Бен посмотрел на часы. Было полчетвертого.

– Открой бутылку вина, папа.

Джек Моррисон посмотрел на него с сомнением.

– Ну, я не знаю, сынок, твоя мама…

– Джек Моррисон, открой бутылку вина. Мой сын приехал.

Стоявшая на пороге женщина говорила громко и самоуверенно, с сильным акцентом. Розмари с трудом удержалась от того, чтобы не вскочить с места.

Мать Бена застыла на пороге, освещенная лучами света, шедшего из коридора. Дородная и внушительная темноволосая женщина, глаза и брови, как у Бена, губы тонкие и крепко сжатые, а недовольство сыном безошибочно угадывалось даже в адресованной ему улыбке. Бен двинулся к ней. Они поцеловались. Напряжение ощущалось в каждом его жесте.

– Здравствуй, ма, – сказал он.

Розмари поймала взгляд женщины из-за плеча Бена, нагнувшегося, чтобы поцеловать мать. Хотя выглядела она очень внушительно, но была ниже ростом, чем поначалу показалось Розмари. В каждой ее черточке, в каждом движении ощущалось, что Бен мог быть только ее сыном. Он произнес:

– Это Розмари, ма.

– О, как приятно, он редко приводит друзей.

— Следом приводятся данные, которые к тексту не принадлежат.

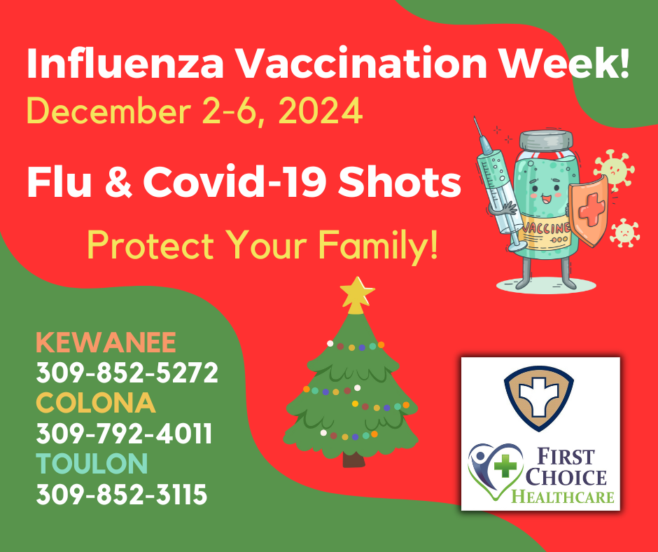 The Henry and Stark County Health Departments and their First Choice Healthcare Clinics in Kewanee, Colona and Toulon are announcing that Dec. 2-6 is National Influenza Vaccination Week.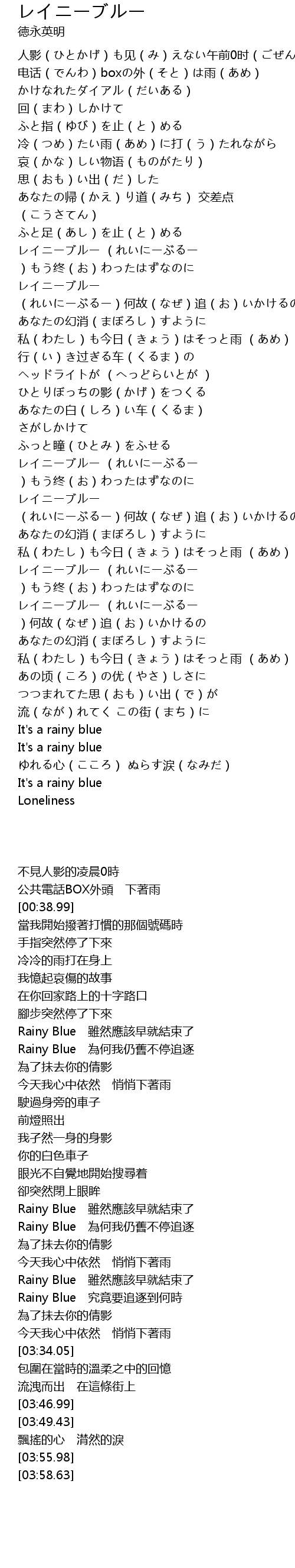| [03:08.68] | レイニーブルー (れいにーぶるー )もう终(お)わったはずなのに |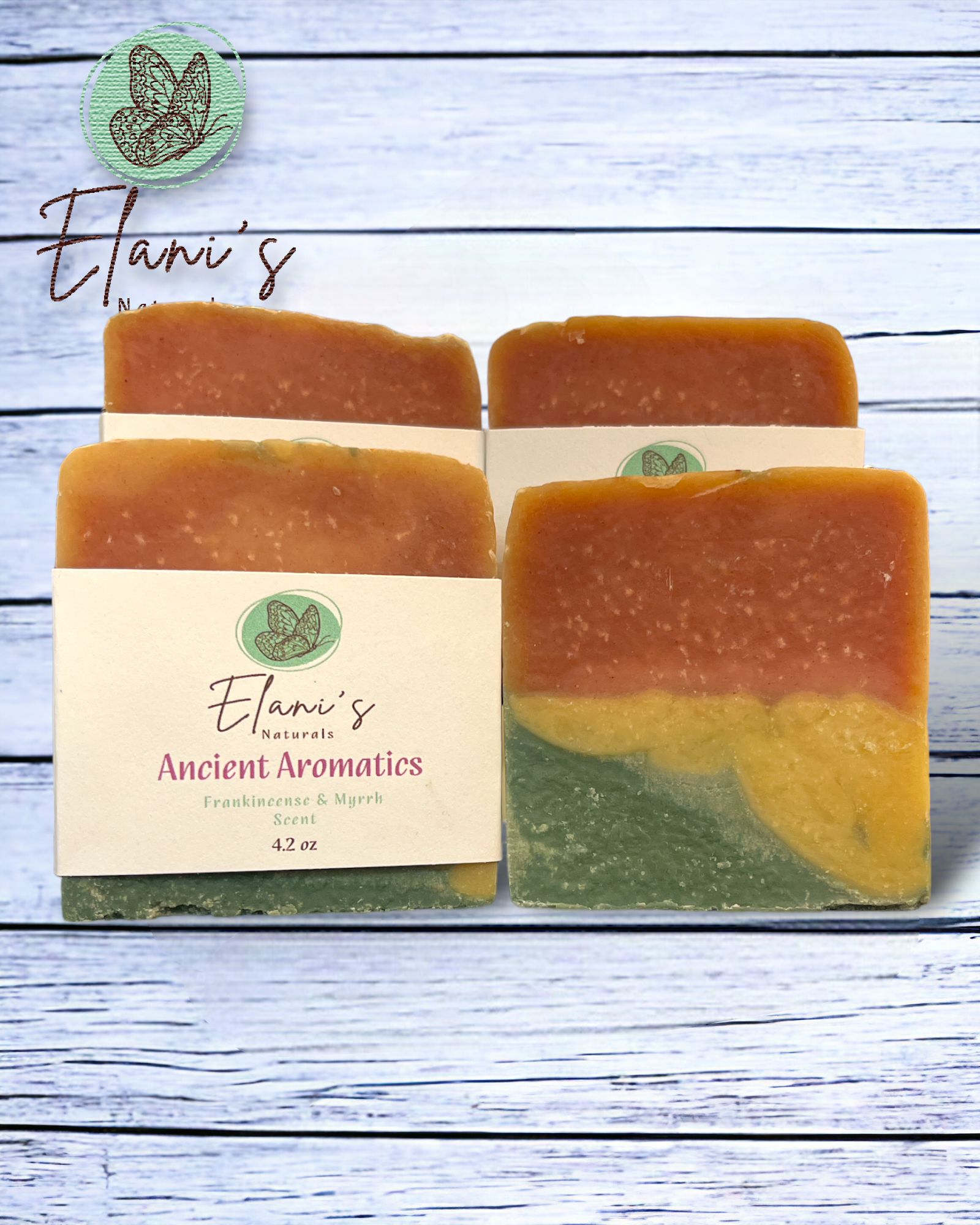 Embrace the essence of time-honored beauty with our 'Ancient Aromatics' soap bar, a luxurious blend of natural oils and aromatic essences that have been cherished since antiquity. Infused with the deep, resinous notes of Myrrh and Frankincense essential oils, this bar is a homage to the sacred rituals that celebrate the human spirit.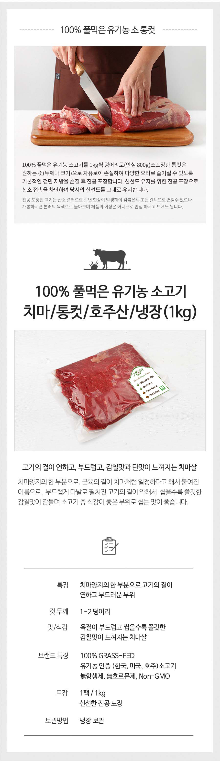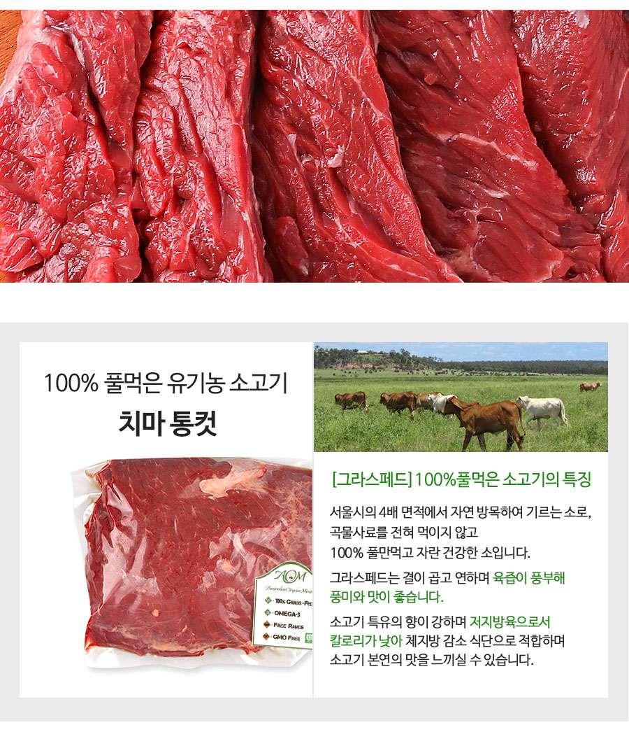 [호주목초우] 유기농 치마살 1kg(리테일컷/통컷)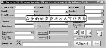 任何一款免費軟件的使用過程中,都會被強制地安插進一些廣告內(nèi)容,ICQ也不例外。對于這一點,財大氣粗的微軟做得很好。無論是Windows XP中捆綁的MSN,還是網(wǎng)上免費下載的,幾乎看不到廣告的影子。另外,即使在最新的ICQ2002a中,似乎仍然不能支持網(wǎng)絡(luò)攝像機和視頻聊天等功能,而這些功能在即時通訊領(lǐng)域幾乎成了必備的功能。不過,ICQ中強大的查找好友功能,使你只需記住好友的哪怕是一點點信息,就可以輕松找到這位好友,令任何一款即時通訊軟件都望塵莫及(如圖3)。新版2002a中還新增了服務(wù)器保存好友信息的功能,使得在世界任何一個角落都可以及時方便地與好友進行聯(lián)絡(luò)。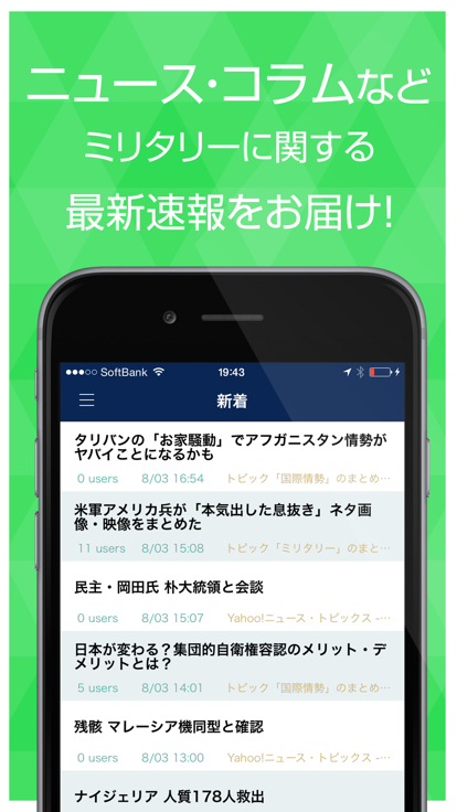 ミリタリー(軍事)に関するニュースを簡単チェック! さまざまなサイトから配信される軍事系の話題をまとめてチェックできます。 記事のお好みがあれば設定から配信元の選択もできます。 最新ニュースからコアネタまで、ミリタリーに関する情報を幅広くお届けします。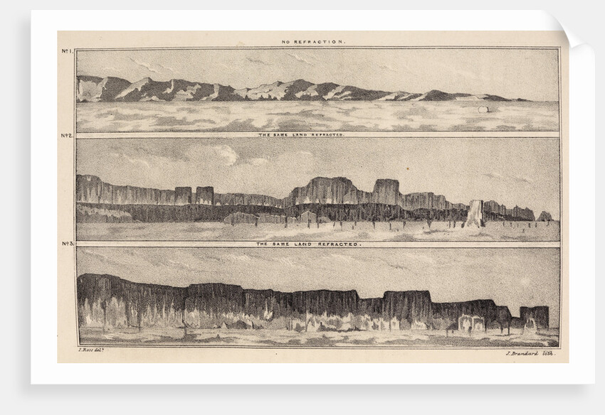 Plate illustrating John Ross's report of the curious effects of refraction in Arctic latitudes. The observations were made on 22 September 1832 at North End Cape, Somerset Island, in the Canadian Arctic. Figure 1 shows the land 'as with no refraction, distant fourteen miles'; figure 2 shows 'the same land, with an iceberg four miles distant raised above the land'; figure 3 shows 'the same refracted in a different way on the same day.' Plate facing p.cix of the Natural History appendix to the Narrative of a second voyage in search of a north-west passage, and of a residence in the Arctic regions during the years 1829 ... 1833, by Sir John Ross (London, 1835). John Ross and his nephew James Clark Ross endured four winters trapped in the Arctic ice on an expedition to find the elusive Northwest Passage. John Ross was knighted in 1834 following his return to England.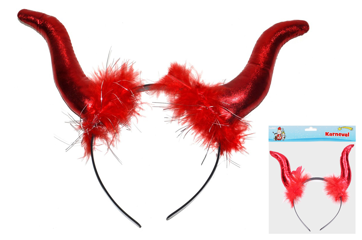 Čelenka čertovy rohy s péřovou aplikací.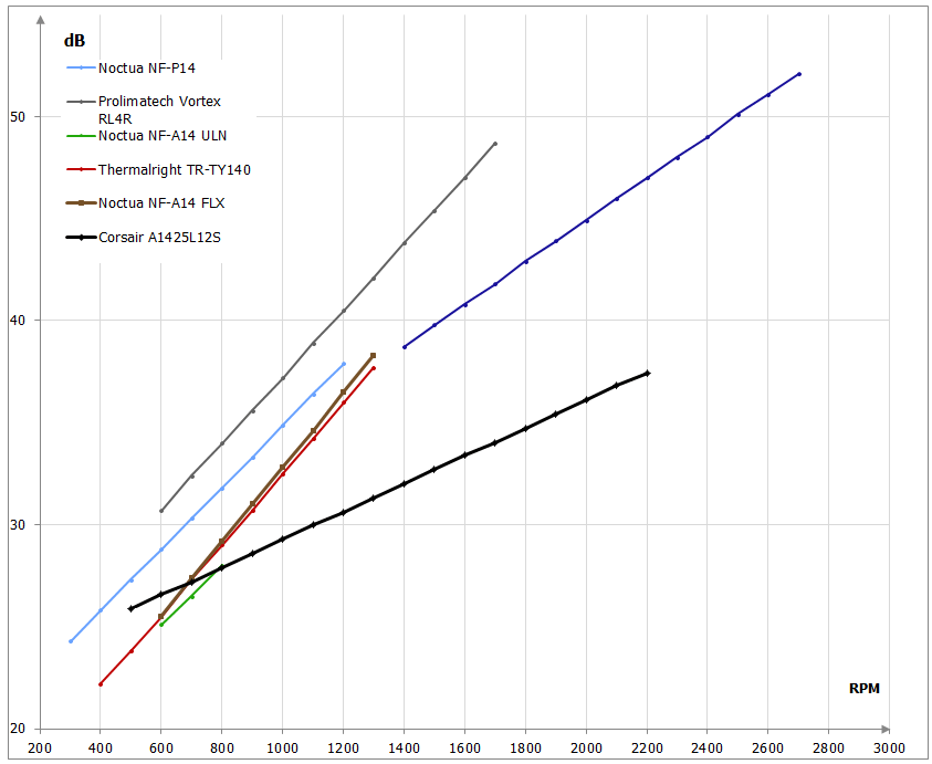 Звуковое давление, дБНа мой взгляд, совсем неплохие показатели, все же 140 мм модели при высоких оборотах действительно шумные, а тут все 1700 RPM. Конечно, в таком состоянии на все время его не оставишь, а вот при 600 оборотах Prolimatech опустился до вполне приемлемых 30 дБ.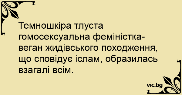 Темношкіра тлуста гомосексуальна феміністка-beгaн жидівського походження, що сповідує іслам, образилась взагалі всім.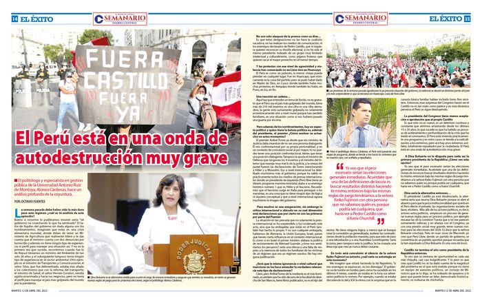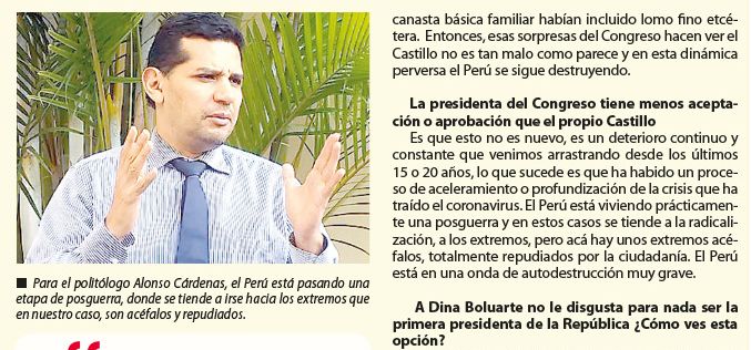 En una entrevista para el semanario Diario Central; Alonso Cárdenas, docente de la carrera de Ciencia Política de la universidad Antonio Ruiz de Montoya, realizó un análisis profundo de la coyuntura política y social que hemos vivido en los últimas meses.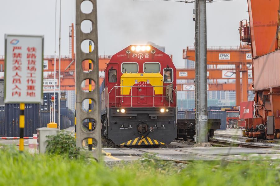 2024年7月30日,在重慶國際物流樞紐園區(qū),一列裝載機(jī)械設(shè)備、汽車和筆記本電腦的中歐班列從重慶團(tuán)結(jié)村中心站駛出。新華社記者 黃偉 攝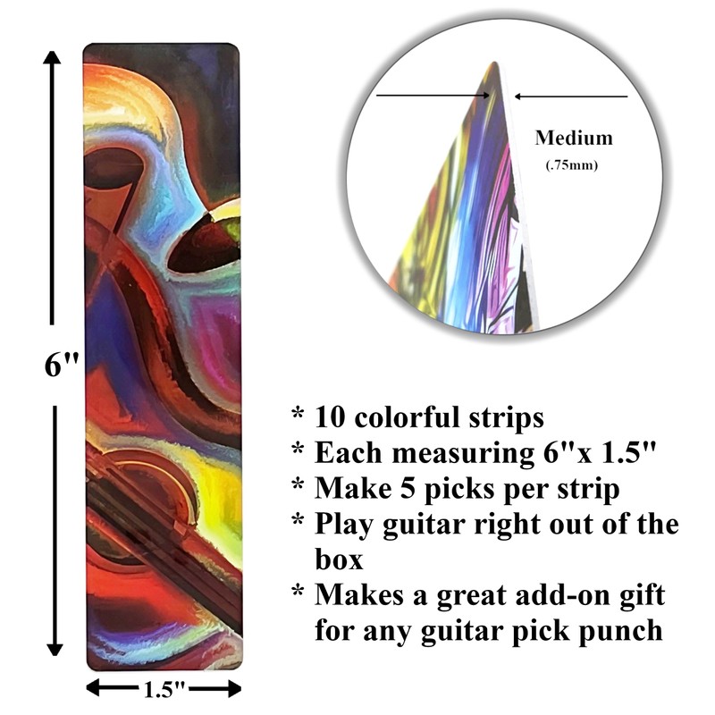 • The most popular pick strips on Amazon for all guitar pick makers! These plastic strips are the ideal complement to the Pick-a-Palooza or any guitar pick punch. Music Art pack of 10, 6" x 1.5" strips.
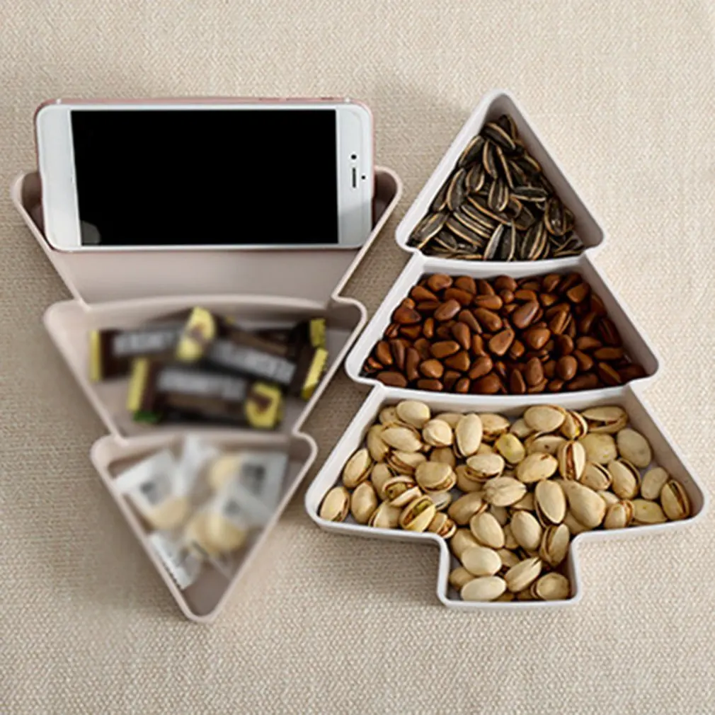 Маленькая пластиковая тарелка для сушеных фруктов с отделением для ёлки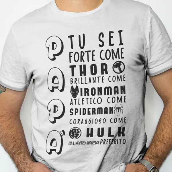Maglietta “Super Papà  Super Eroi” classica, divertente, da indossare subito.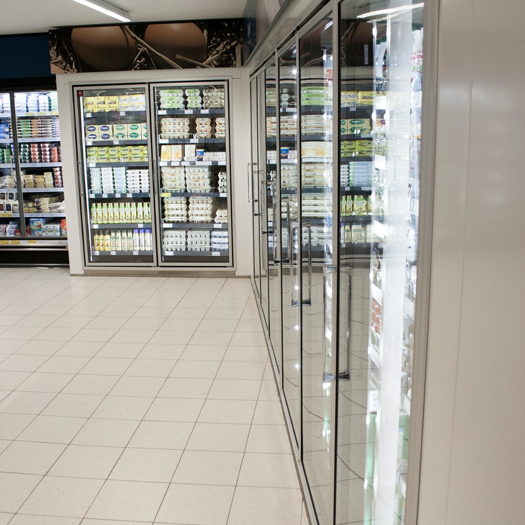 Til supermarkeder og relaterede brancher tilbyder vi komplette ”walk-in” køle- og fryserum. Derudover dimensionerer og sammensætter vi nøglefærdige kompressorløsninger til drift af både frost- og kølelinjer.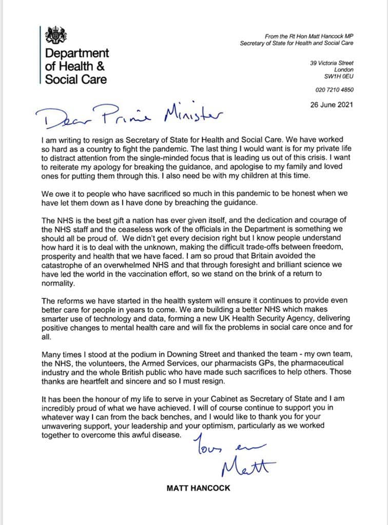 In a letter addressed to the British Prime Minister, Boris Johnson, dated the 26th of June 2021, hon Hancock said he writes to resign as secretary of state for health and social care.
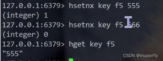 redis> HSETNX myhash field "Hello"(integer) 1redis> HSETNX myhash field "World"(integer) 0redis> HGET myhash field"Hello"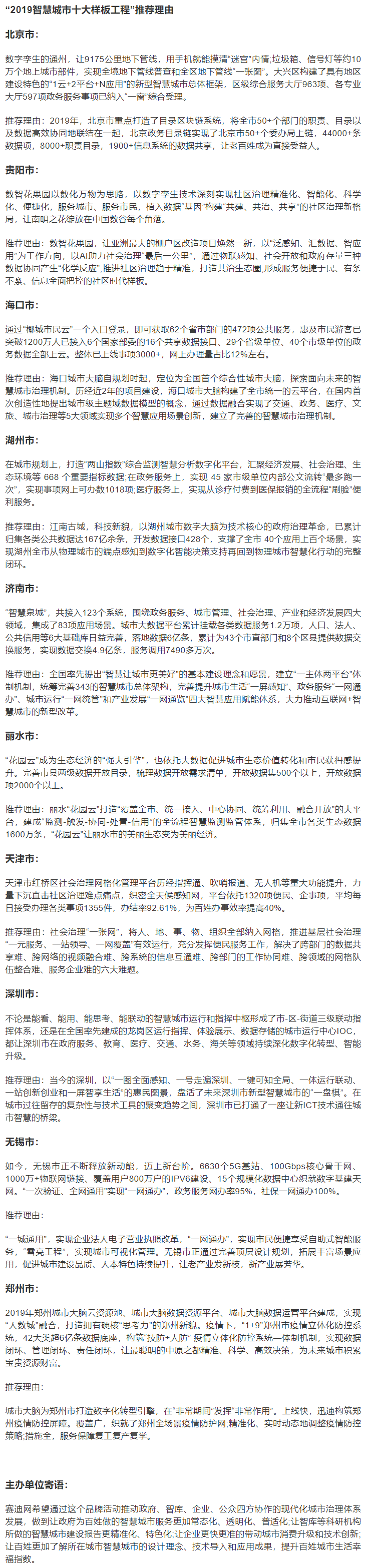 終北京市、貴陽市、?谑、湖州市、濟南市、麗水市、天津市、深圳市、無錫市、鄭州市十座城市,以優(yōu)秀的城市建設經驗、切實的城市運營數據和G口碑的市民反饋,被評為“2019智慧城市十大樣板工程”。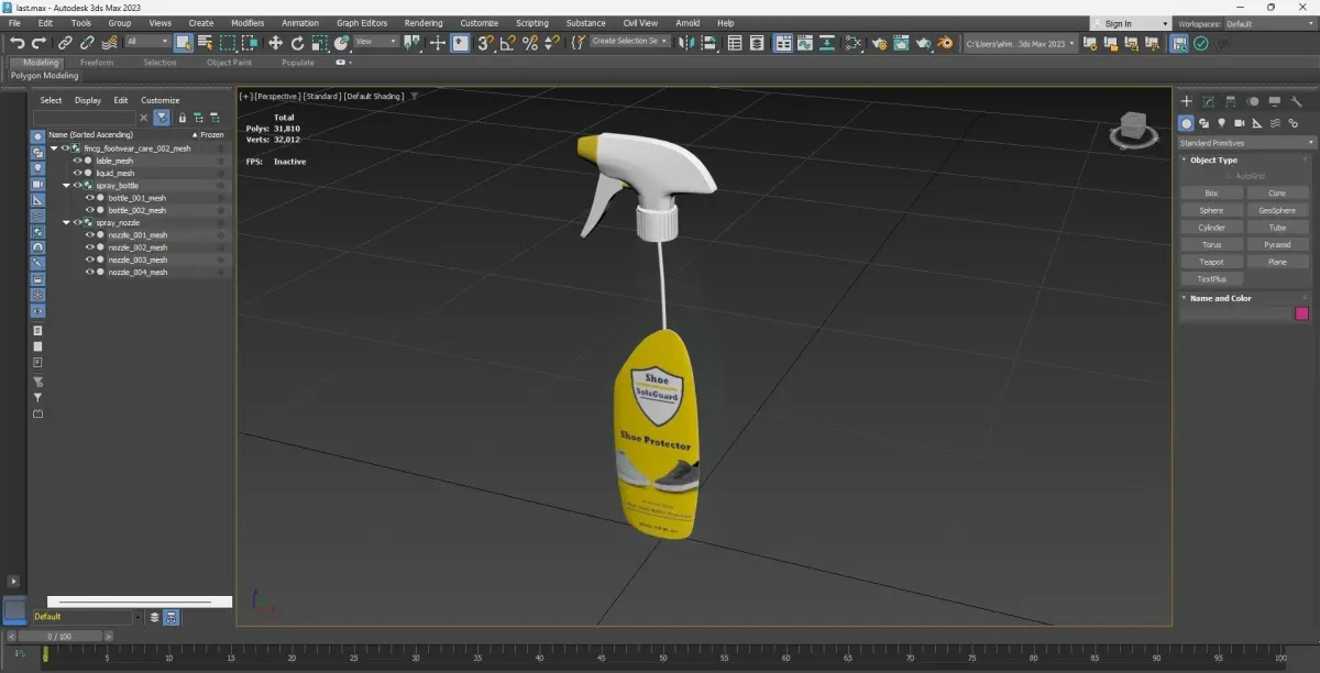 the spray model has 8 parts you can easily use any part you want for animation or change material.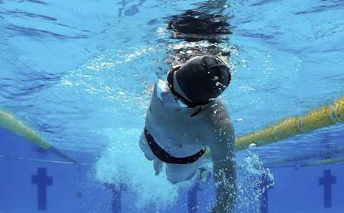 完成入水之后,手掌掌心开始由斜向外下转为斜向内后,逐渐弯手肘、弯曲手腕,手肘始终高于手臂,为下一步的划水做好准备。

Магдалена Моррисон (Розмари увидела это имя на салфетке под лампой и поняла, что оно может принадлежать лишь хозяйке дома) величественно двинулась по направлению Розмари, сидевшей на диване. Всего три шага, но это превратилось в настоящее шествие. Не в силах удержаться, Розмари встала, чувствуя себя очень глупо – словно девочка, которую покорный и любящий сын представляет своей матери. Она протянула руку со словами:

– Очень рада познакомиться с вами, миссис Моррисон. У вас замечательно.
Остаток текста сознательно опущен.